▸ Activity:
Every line from the one with "7月2日,華能西安熱工院科研" to the one with "Blue Citrus Print", including those two, is to be copied exactly; all other lines of the entries below are left out.

▸ Given entries:
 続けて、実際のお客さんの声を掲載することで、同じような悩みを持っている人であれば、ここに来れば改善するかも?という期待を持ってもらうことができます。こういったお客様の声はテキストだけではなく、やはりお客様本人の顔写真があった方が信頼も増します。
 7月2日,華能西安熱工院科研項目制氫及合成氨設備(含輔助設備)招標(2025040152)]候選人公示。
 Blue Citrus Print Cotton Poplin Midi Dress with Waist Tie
--
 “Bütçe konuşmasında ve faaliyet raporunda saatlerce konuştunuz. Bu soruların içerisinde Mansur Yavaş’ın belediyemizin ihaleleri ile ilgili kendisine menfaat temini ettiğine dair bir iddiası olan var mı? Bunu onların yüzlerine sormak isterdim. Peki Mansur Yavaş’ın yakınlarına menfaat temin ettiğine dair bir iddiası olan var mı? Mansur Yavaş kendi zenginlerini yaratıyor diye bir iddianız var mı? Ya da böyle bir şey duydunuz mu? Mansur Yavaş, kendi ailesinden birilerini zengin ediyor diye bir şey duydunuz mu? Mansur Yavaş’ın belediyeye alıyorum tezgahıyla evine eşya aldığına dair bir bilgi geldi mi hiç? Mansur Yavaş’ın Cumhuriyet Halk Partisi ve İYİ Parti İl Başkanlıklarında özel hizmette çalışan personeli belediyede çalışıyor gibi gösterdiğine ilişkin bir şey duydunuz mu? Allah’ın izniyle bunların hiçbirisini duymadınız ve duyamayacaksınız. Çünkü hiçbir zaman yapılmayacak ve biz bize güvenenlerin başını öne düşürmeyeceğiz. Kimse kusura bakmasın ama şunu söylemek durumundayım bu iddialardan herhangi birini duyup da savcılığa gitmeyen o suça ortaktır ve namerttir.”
==
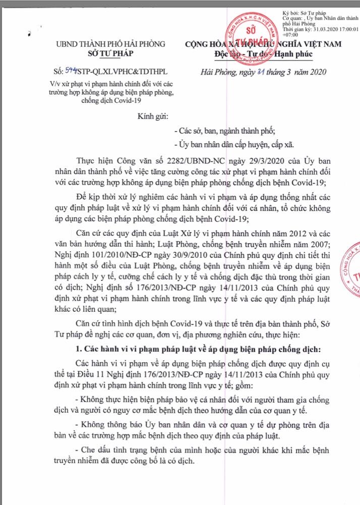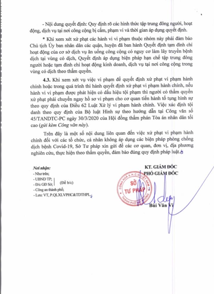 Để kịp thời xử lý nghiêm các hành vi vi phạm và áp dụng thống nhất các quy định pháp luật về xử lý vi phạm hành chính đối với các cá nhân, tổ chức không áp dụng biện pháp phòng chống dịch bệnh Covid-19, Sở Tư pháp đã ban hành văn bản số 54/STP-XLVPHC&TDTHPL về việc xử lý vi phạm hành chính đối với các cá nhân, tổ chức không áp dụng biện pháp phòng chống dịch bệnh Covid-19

▸ Task solution:
 7月2日,華能西安熱工院科研項目制氫及合成氨設備(含輔助設備)招標(2025040152)]候選人公示。
 Blue Citrus Print Cotton Poplin Midi Dress with Waist Tie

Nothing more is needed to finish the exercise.